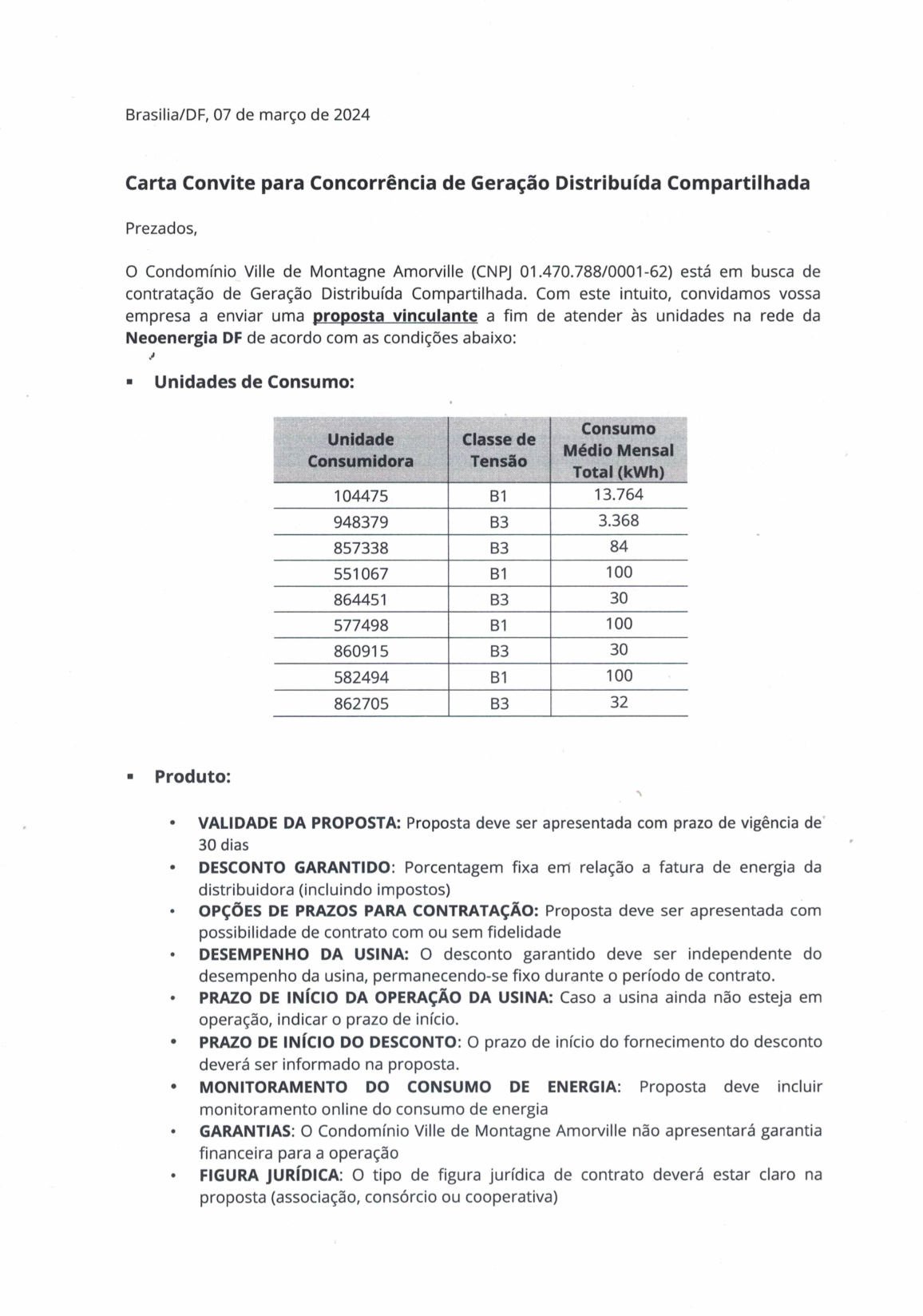 Carta Convite Para Concorrência de Geração Distribuída Compartilhada
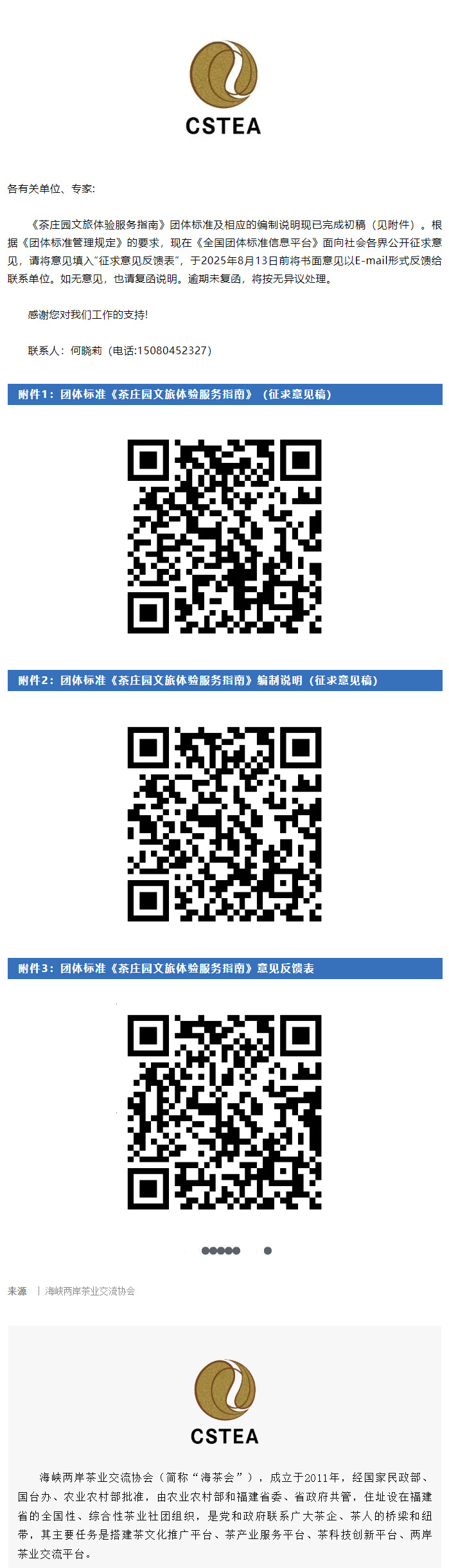 关于对《茶庄园文旅体验服务指南》团体标准(征求意见稿)征求意
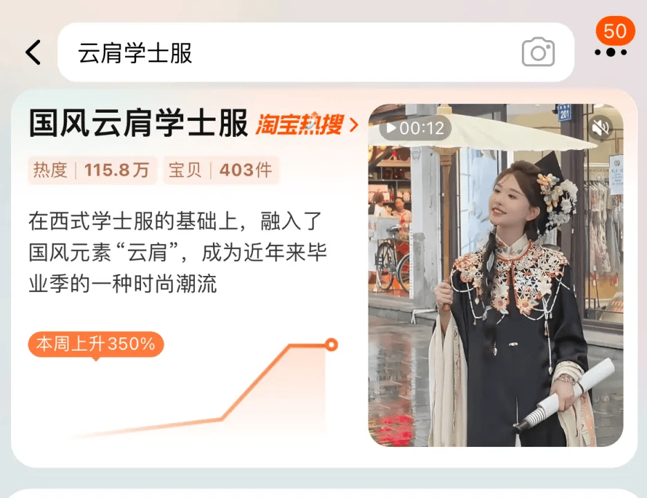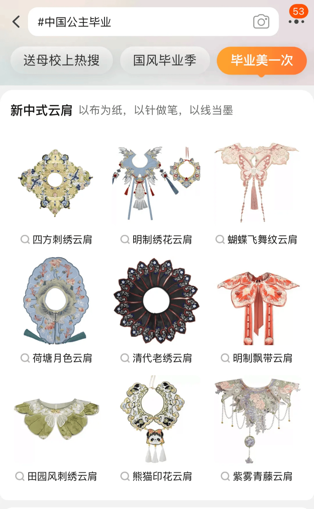 许多小年轻会去淘宝买各式各样的云肩搭配学士服。
•••
__WHAT NEEDS TO BE DONE__
The listing above must be repeated exactly. Its pictures are not part of the copy.

__YOUR SOLUTION__
 Carta Convite Para Concorrência de Geração Distribuída Compartilhada
 关于对《茶庄园文旅体验服务指南》团体标准(征求意见稿)征求意
 许多小年轻会去淘宝买各式各样的云肩搭配学士服。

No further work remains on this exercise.